Public cloud services can be purchased inexpensively, spun up quickly, and utilized with ease. As a result, they’re being widely and swiftly adopted by enterprise organizations. But it’s not always the IT department that’s acquiring or paying for such services. These days, business groups are increasingly taking IT matters into their own hands.
“Our large customers are using 730 cloud services on average,” says Bob Dimicco, senior director and general manager of the Cisco Cloud Consumption Services practice. “But their IT organizations typically have no visibility—or even awareness—of 15-20 percent of those services.”

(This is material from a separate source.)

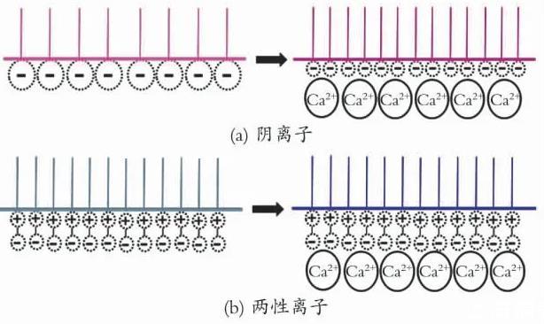 圖1 Ca2+對(duì)不同類型表面活性劑界面排布的影響
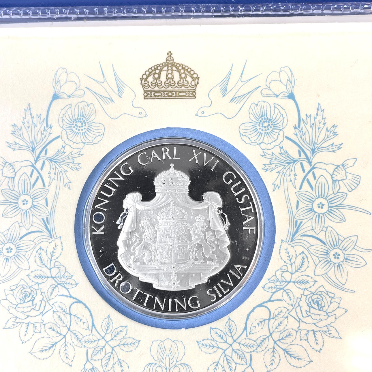 1 piece Carl XVI Gustaf commemorative coin, Crown Princess Victoria, silver 925. Diameter about 36 mm Weight about 27 grams. Case size 6,5x6,5x1 cm

According to Dimicco, this lack of visibility can have serious consequences:
- Putting business applications in the public cloud often places sensitive intellectual property, employee, and customer data beyond a company’s firewall.
- Not all cloud providers are able to comply with industry regulations or regional data sovereignty laws.
- Many won’t survive the torrent of competition or the inevitable market consolidation.
“Data security and compliance are very real concerns,” says Dimicco. “The bigger concern is that there typically is no individual or group within a company overseeing the adoption of public cloud services. A lack of visibility, governance, and control invariably leads to business risks and high costs.”
IT processes and red tape
According to Melanie Posey, research vice president at IDC, public cloud services aren’t the problem, and neither are the business groups adopting them. Conventional IT processes and red tape are the culprits. With countless IT departments still taking months to select, procure, configure, deploy, and integrate technology resources, it’s no wonder business teams purchase their own cloud services—a task that only requires a credit card and can be accomplished in minutes.
“Many IT groups are living in the 1970s, with a big mainframe that nobody can touch,” says Posey. “They need to figure out how to evolve, and find ways to serve their business teams better, faster, and cheaper. And they need to break out of the mindset that they have to do everything themselves.”
Both Posey and Dimicco agree that IT departments must form a new relationship with their business counterparts. They must establish new lines of communication, so IT leaders can better address the priorities and initiatives of business teams and business teams can better understand the potential risks and costs of ungoverned cloud adoption.
“This isn’t a power struggle between IT and the business, who share a lot of common ground. There just needs to be more communication and collaboration,” says Posey. “IT can no longer stay locked in their data center; they must get out and talk to business groups. And they must create processes that allow business teams to do their own thing, but with some overarching governance.”
Coming to the table with facts
Software tools and professional services that shed light on cloud usage can help stimulate and advance these discussions, Dimicco says. Cisco Cloud Consumption Services, for example, help discover and analyze public cloud usage. And they provide a baseline for IT and business teams to discuss and optimize cloud utilization, risks, and costs.
“One of our customers recently found that they were using 41 different cloud-based collaboration services, half of which were redundant,” Dimicco recalls. “That insight prompted dialogue between IT and the business, which led to standardization, service aggregation, and significantly reduced costs.”
“The first step is acknowledgement, and it always helps to come to the table armed with facts,” says Posey. “The second step is agreeing on a solution. Figuring out how to facilitate a more centralized approach to cloud procurement and governance is in everyone’s best interest.”
According to Dimicco, IT organizations should assume that their company is using more and spending more on cloud services than they realize. And they can assume it will grow quickly over time, as much as 20-25 percent or more each year.
“If you have a problem now, it will be worse in 12 months,” Dimicco claims. “Organizations need to be proactive before data is lost, before risk becomes a real problem, and before costs get out of hand.”